4. The method according to claim 1, wherein determining the current viewing region of the user on the display, and acquiring the corresponding target video stream based on the current viewing region comprises:
determining the current viewing region of the user on the display, and acquiring a corresponding video slice index based on the current viewing region, wherein the video slice index comprises an index of a slice video of the panoramic video;
acquiring a slice video stream corresponding to the video slice index, wherein the target video stream comprises the slice video stream; and
in response to determining that the current viewing region of the user changes to be the changed viewing region, determining the new target video stream corresponding to the changed viewing region, and displaying the background bitstream on the display during the process of switching the target video stream to the new target video stream, comprising:
in response to determining that the current viewing region of the user changes, determining a new video slice index corresponding to the changed viewing region, and pulling a corresponding new slice video stream based on the new video slice index, and displaying the background bitstream on the display during the process of switching the slice video stream to the new slice video stream.

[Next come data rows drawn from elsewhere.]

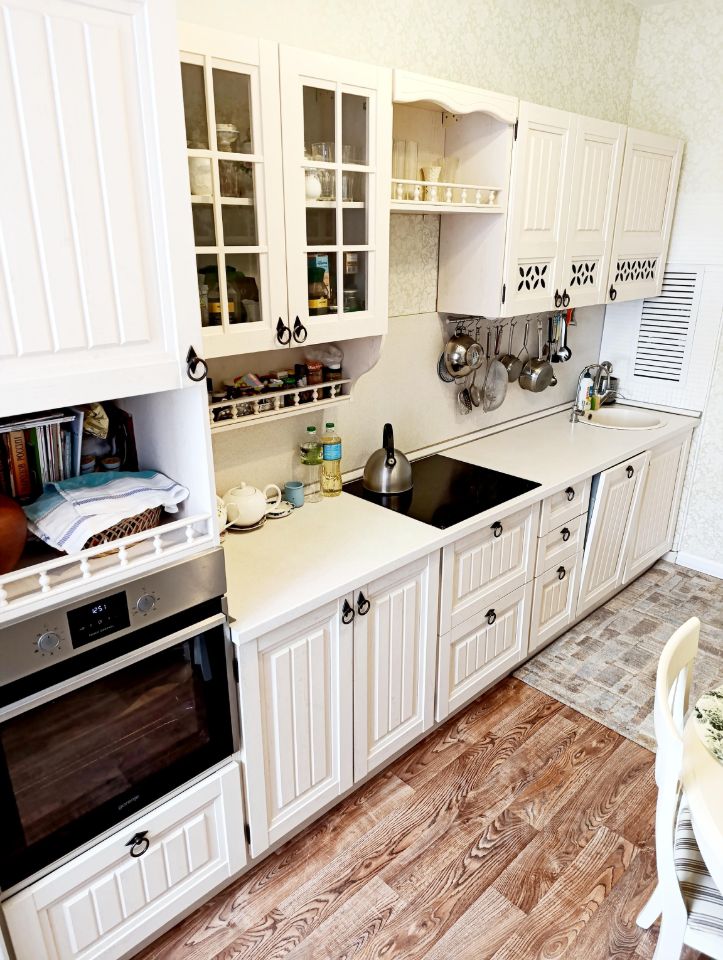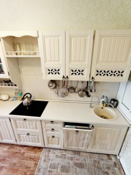 Данная квартира не требует вложений,с косметическим ремонтом, чистая, уютная. Потолки покрашены импортной водоэмульсионной краской. Сантехника, раковины, ванна Рокко, встроенная кухня со светлым фасадом, в стиле прованс от фабрики "Любимый дом" Амели. На кухне установлен Аквафор-питьевая вода.
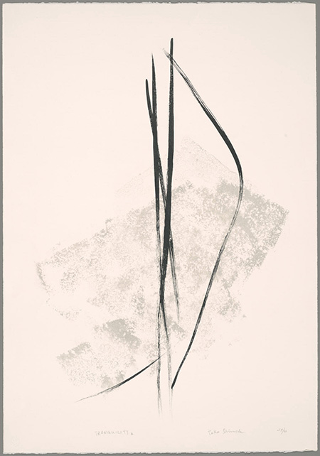 Images: top—Installation view in the Tateuchi Japanese galleries; inset—Tranquility B, 1980s. by Shinoda Toko (Japanese, 1913 – 2021). Lithograph, ink on paper. Asian Art Museum, Gift of Frederick L. Gordon, 1998.37. Photographs © Asian Art Museum of San Francisco.
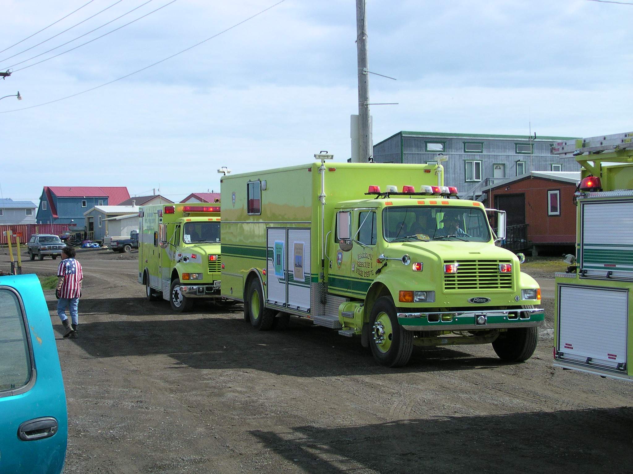 Fire trucks line up for a parade to celebrate the 4th of July in Barrow, Alaska.
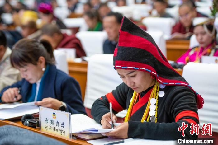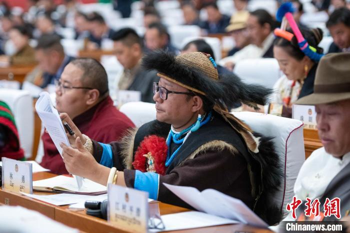 圖為西藏政協委員身著民族服飾參加開幕會。貢嘎來松 攝
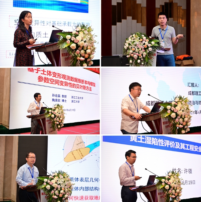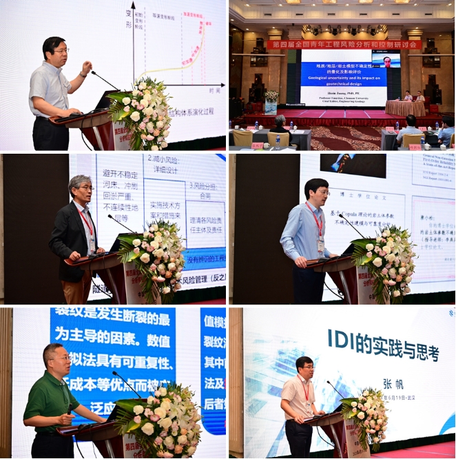 会议期间,各位专家学者以目前各自所属的专业方向及具体研究成果为主要内容,为线下线上参会人员作了精彩的学术报告。beat365 手机版官方网站(武汉)唐辉明教授以《基于演化的滑坡防控理论与方法技术》为题作会议特邀报告,美国克莱姆森大学C. Hsein Juang教授在线上作《地质/地层/岩土模型不确定性的量化及影响评价》的特邀报告,同济大学黄宏伟教授以《工程风险管控存在的问题与适应性风险管理》为题作特邀报告,武汉大学李典庆教授以《Copula理论在岩土工程不确定性与可靠性分析中应用进展》为题作特邀报告,重庆大学周小平教授以《场富集有限元法及其应用》为题作特邀报告,中国大地保险张帆总经理应邀以《IDI的实践与思考》为题作特邀报告。
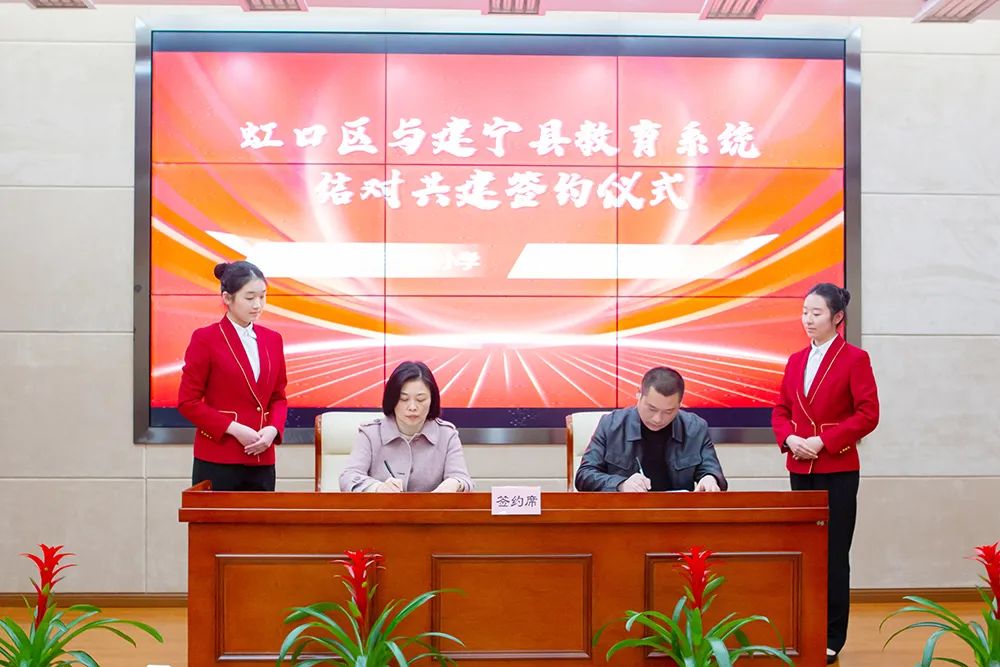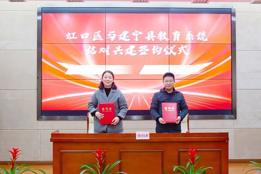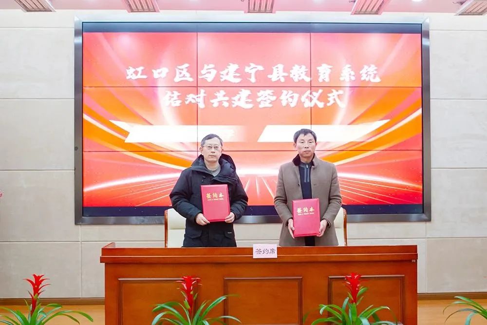 2月24日,虹口区与建宁县教育系统结对共建签约仪式在上海南湖职业技术学院文化中心举行,建宁县委常委、统战部部长柯良发,虹口区教育工作党委副书记、局长孙磊,建宁县教育局党组书记、局长徐铨等出席本次签约。

5. The method according to claim 4, wherein acquiring the slice video stream corresponding to the video slice index comprises:
sending the video slice index to a server, the server being configured to determine the slice video stream to be sent based on the video slice index; and
receiving the slice video stream sent by the server.
6. The method according to claim 5, wherein:
the server is configured to store slice videos at different resolutions for a same slice; and
the video slice index comprises a layer index and a slice index of a same layer, wherein each layer corresponds to a distinct resolution, and slices within a same layer share a same resolution.

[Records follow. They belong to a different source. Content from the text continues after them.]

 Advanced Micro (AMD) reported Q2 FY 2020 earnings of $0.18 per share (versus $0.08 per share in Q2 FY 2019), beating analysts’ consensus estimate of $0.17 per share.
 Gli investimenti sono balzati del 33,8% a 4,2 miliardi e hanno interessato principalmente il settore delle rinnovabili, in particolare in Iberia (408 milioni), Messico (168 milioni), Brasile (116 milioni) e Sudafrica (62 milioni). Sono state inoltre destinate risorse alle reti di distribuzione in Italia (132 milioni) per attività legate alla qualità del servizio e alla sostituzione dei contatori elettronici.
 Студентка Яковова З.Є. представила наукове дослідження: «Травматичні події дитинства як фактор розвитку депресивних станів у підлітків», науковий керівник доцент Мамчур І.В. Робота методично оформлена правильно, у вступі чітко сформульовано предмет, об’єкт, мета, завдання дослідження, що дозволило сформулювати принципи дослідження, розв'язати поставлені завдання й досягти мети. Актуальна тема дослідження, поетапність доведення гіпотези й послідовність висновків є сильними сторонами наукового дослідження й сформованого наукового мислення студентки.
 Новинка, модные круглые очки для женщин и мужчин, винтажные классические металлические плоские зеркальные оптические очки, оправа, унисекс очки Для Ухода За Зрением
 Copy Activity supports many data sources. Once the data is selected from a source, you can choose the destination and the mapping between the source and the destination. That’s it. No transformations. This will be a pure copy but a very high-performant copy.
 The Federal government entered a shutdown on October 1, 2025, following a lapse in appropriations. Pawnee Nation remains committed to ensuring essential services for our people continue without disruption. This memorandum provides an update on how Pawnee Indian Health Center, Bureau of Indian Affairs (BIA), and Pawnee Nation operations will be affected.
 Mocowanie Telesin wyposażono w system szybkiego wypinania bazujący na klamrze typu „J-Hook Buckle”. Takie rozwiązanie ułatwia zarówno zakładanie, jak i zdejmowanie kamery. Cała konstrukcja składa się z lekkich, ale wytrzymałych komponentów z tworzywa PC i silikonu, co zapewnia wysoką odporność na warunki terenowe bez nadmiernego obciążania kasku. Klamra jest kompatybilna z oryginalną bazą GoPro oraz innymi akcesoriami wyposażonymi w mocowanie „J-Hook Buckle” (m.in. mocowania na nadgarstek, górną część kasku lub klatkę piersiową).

7. The method according to claim 5, wherein:
the server is configured to store slice videos at different resolutions for a same slice; and
the method further comprises:
determining a size of a field of view corresponding to the current viewing region; and
determining a corresponding target resolution based on at least one of the size of the field of view or a current network bandwidth condition of the client; and
acquiring the slice video stream corresponding to the video slice index comprises:
receiving the slice video stream sent by the server based on the video slice index and the target resolution.
8. The method according to claim 7, wherein:
the panoramic video includes a panoramic image captured by a panoramic camera; and
the method further comprises:
configuring the server to map the panoramic image to a preset unfolded image based on a mapping relationship between the panoramic image and the unfolded image;
configuring the server to render the preset unfolded image based on preset different resolutions, and obtain a cubic unfolded image corresponding to the different resolutions; and
configuring the server to segment the cubic unfolded image based on a segmentation requirement, and obtain a plurality of slice videos.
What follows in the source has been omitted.